Preparing vertical discontinuous buffer SDS polyacrylamide gels

         ASSEMBLING OF THE GEL MOULDING CASSETTE Clean the two glass plates (size: e.g., 10 cm × 8 cm), the polytetrafluoroethylene comb, the two spacers and the silicone rubber tubing (diameter: e.g., 0.6 mm × 35 cm) with mild detergent and rinse extensively with water. Dry all the items with a paper towel or tissue. Lubricate the spacers and the tubing with non-silicone grease. Apply the spacers along each of the two short sides of the glass plate 2 mm away from the edges and 2 mm away from the long side corresponding to the bottom of the gel. Begin to lay the tubing on the glass plate by using one spacer as a guide. Carefully twist the tubing at the bottom of the spacer and follow the long side of the glass plate. While holding the tubing with one finger along the long side twist again the tubing and lay it on the second short side of the glass plate, using the spacer as a guide. Place the second glass plate in perfect alignment and hold the mould together by hand pressure. Apply two clamps on each of the two short sides of the mould.
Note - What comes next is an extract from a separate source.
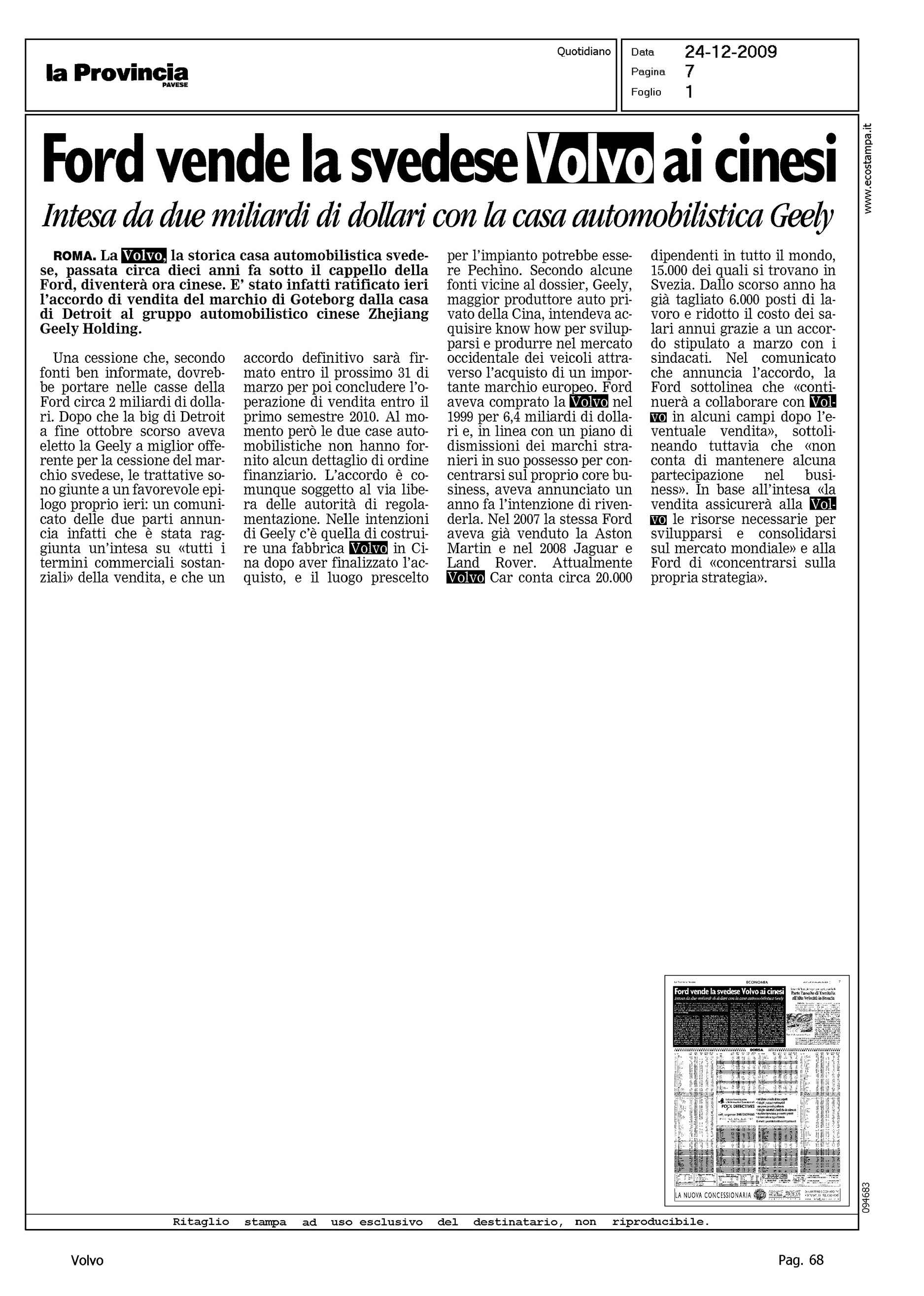 Author: Line: Corporate Model: Corporate Subject: - Title: FORD VENDE LA SVEDESE VOLVO AI CINESIHighlight: VENDITA VOLVO ALLA GEELY

Carefully apply four clamps on the longer side of the gel mould thus forming the bottom of the gel mould. Verify that the tubing is running along the edge of the glass plates and has not been extruded while placing the clamps. The gel mould is now ready for pouring the gel.
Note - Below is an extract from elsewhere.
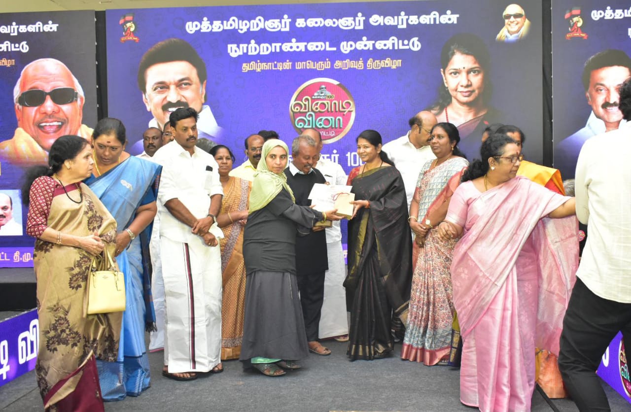 தமிழ் மொழி, இலக்கியம், திராவிட வரலாறு, கலைஞர் ஆற்றிய பணிகள் குறித்து வினாடி வினா கேள்விகளுக்கு ஆர்வத்துடன் போட்டியாளர்கள் பதில் அளித்தனர். இந்த வினாடி வினா போட்டியில் பங்கேற்றவர்களுக்குப் பரிசுகள் மற்றும் சான்றிதழ்கள் வழங்கப்பட்டது.

         PREPARATION OF THE GEL In a discontinuous buffer SDS polyacrylamide gel, it is recommendesd to pour the resolving gel, let the gel set, and then pour the stacking gel since the composition of the two gels in acrylamidebisacrylamide, buffer and pH are different.

         Preparation of the resolving gel In a conical flask, prepare the appropriate volume of solution containing the desired concentration of acrylamide for the resolving gel, using the values given in Table 1. Mix the components in the order shown. Where appropriate, before adding the ammonium persulfate solution and the teramethylethylenediamine (TEMED), filter the solution if necessary under vacuum through a cellulose acetate membrane (pore diameter: 0.45 μm); keep the solution under vacuum by swirling the filtration unit until no more bubbles are formed in the solution. Add appropriate amounts of ammonium persulfate solution and TEMED as indicated in Table 1, swirl and pour immediately into the gap between the two glass plates of the mould. Leave sufficient space for the stacking gel (the length of the teeth of the comb plus 1 cm). Using a tapered glass pipette, carefully overlay the solution with watersaturated 2-methyl-1-propanol. Leave the gel in a vertical position at room temperature to allow polymerization.
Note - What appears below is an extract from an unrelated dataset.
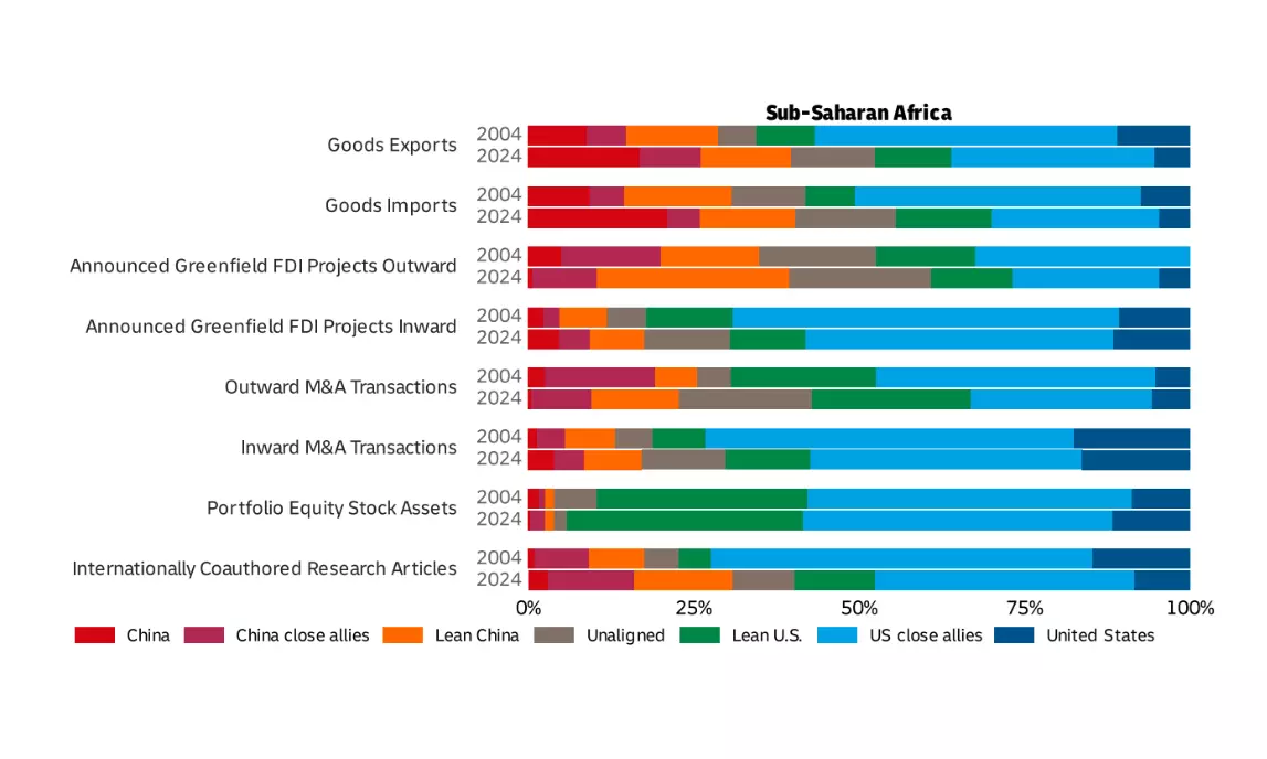 Sub-Saharan Africa summary profile of international flows by geopolitical alignment. Sources: Capital Economics; Clarivate Web of Science; Financial Times fDi Markets database; IMF CPIS database; IMF DOT Database; SDC Platinum

         Preparation of the stacking gel After polymerization is complete (about 30 minutes), pour off 2-methyl-1-propanol and wash the top of the gel several times with water to remove the 2-methyl-1-propanol overlay and any unpolymerized acrylamide. Drain as much fluid as possible from the top of the gel, and remove any remaining water with the edge of a paper towel. In a conical flask, prepare the appropriate volume of solution containing the desired concentration of acrylamide, using the values given in Table 2. Mix the components in the order shown. Where appropriate, before adding the ammonium persulfate solution and the TEMED, filter the solution if necessary under vacuum through a cellulose acetate membrane (pore diameter: 0.45 μm); keep the solution under vacuum by swirling the filtration unit until no more bubbles are formed in the solution.

         Add appropriate amounts of ammonium persulfate solution and TEMED as indicated in Table 2, swirl and pour immediately into the gap between the two glass plates of the mould directly onto the surface of the polymerized resolving gel. Immediately insert a clean polytetrafluoroethylene comb into the stacking gel solution, being careful to avoid trapping air bubbles. Add more stacking gel solution to fill the spaces of the comb completely. Leave the gel in a vertical position and allow to polymerize at room temperature.

         MOUNTING THE GEL IN THE ELECTROPHORESIS ELECTROPHORESIS APPARATUS AND ELECTROPHORETIC SEPARATION After polymerization is complete (about 30 minutes), remove the polytetrafluoroethylene comb carefully. Rinse the wells immediately with water or with the SDSPAGE running buffer to remove any unpolymerized acrylamide. If necessary, straighten the teeth of the stacking gel with a blunt hypodermic needle attached to a syringe. Remove the clamps on one short side,carefully pull out the tubing and replace the clamps. Proceed similarly on the other short side. Remove the tubing from the bottom part of the gel. Mount the gel in the electrophoresis apparatus. Add the electrophoresis buffers to the top and bottom reservoirs. Remove any bubbles that become trapped at the bottom of the gel between the glass plates. This is best done with a bent hypodermic needle attached to a syringe. Never prerun the gel before loading the samples, since this will destroy the discontinuity of the buffer systems. Before loading the sample, carefully rinse the slot with SDSPAGE running buffer. Prepare the test and reference solutions in the recommended sample buffer and treat as specified in the individual monograph. Apply the appropriate volume of each solution to the stacking gel wells. Start the electrophoresis using the conditions recommended by the manufacturer of the equipment. Manufacturers of SDS-PAGE equipment may provide gels of different surface area and thickness. Electrophoresis running time and current/voltage may need to vary as described by the manufacturer of the apparatus in order to achieve optimum separation. Check that the dye front is moving into the resolving gel. When the dye is reaching the bottom of the gel, stop the electrophoresis. Remove the gel assembly from the apparatus and separate the glass plates. Remove the spacers, cut off and discard the stacking gel and immediately proceed with staining.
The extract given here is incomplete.